Collected material:
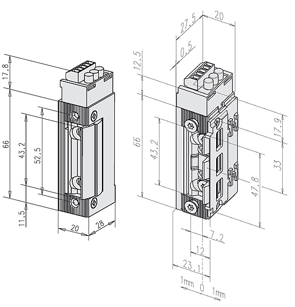 De voordelen ·· Nieuwe aansluittechniek, omsteekbaar ·· Spanningsbereik van 12-24V bij AC- en DC-bedrijf ·· FaFix en Fix gecombineerd ·· Radiusschoot ·· Optioneel met vaste dagschoot ·· Alle modellen universeel (DR/DL/horizontaal) monteerbaar ·· Geïntegreerde overspanningsbeveiliging ·· Uitwisselbaar met de vorige modelserie 142 ·· Testcertificaat (MPA Dortmund) P-120389096
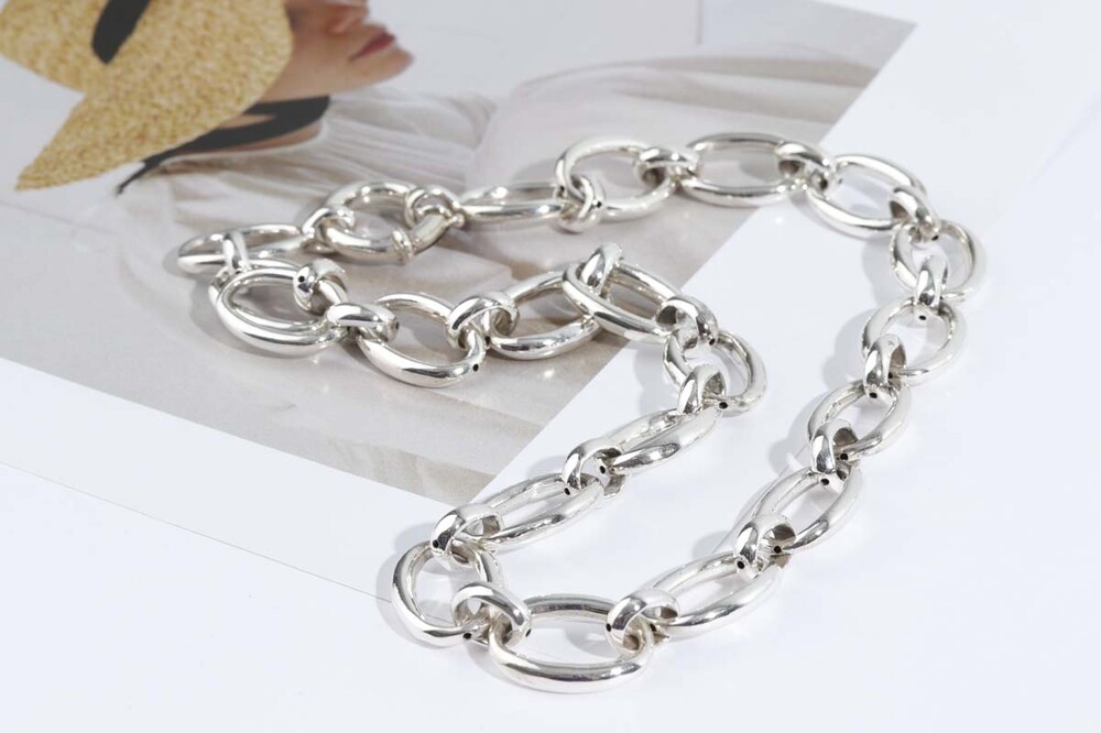 100342 52cm Long Hollow Chain Necklace Sterling Silver 925
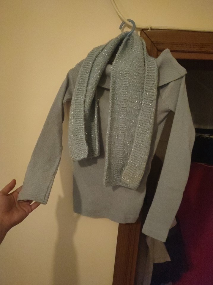 Gri renkli, boğazlı ve uzun kollu, triko dokulu kadın kazak. Rahat ve şık sokak tarzı için uygun, günlük kullanıma ideal. xs giyene de olur 8-9 yaş kız çocuk.icin de uygundur atkısı mavi simli yanında gelecek. mavi ve turkuaz arası rengi var

What is being asked:
The task requires the full listing to be given again verbatim, without its pictures.

Exercise solution:
 De voordelen ·· Nieuwe aansluittechniek, omsteekbaar ·· Spanningsbereik van 12-24V bij AC- en DC-bedrijf ·· FaFix en Fix gecombineerd ·· Radiusschoot ·· Optioneel met vaste dagschoot ·· Alle modellen universeel (DR/DL/horizontaal) monteerbaar ·· Geïntegreerde overspanningsbeveiliging ·· Uitwisselbaar met de vorige modelserie 142 ·· Testcertificaat (MPA Dortmund) P-120389096
 100342 52cm Long Hollow Chain Necklace Sterling Silver 925
 Gri renkli, boğazlı ve uzun kollu, triko dokulu kadın kazak. Rahat ve şık sokak tarzı için uygun, günlük kullanıma ideal. xs giyene de olur 8-9 yaş kız çocuk.icin de uygundur atkısı mavi simli yanında gelecek. mavi ve turkuaz arası rengi var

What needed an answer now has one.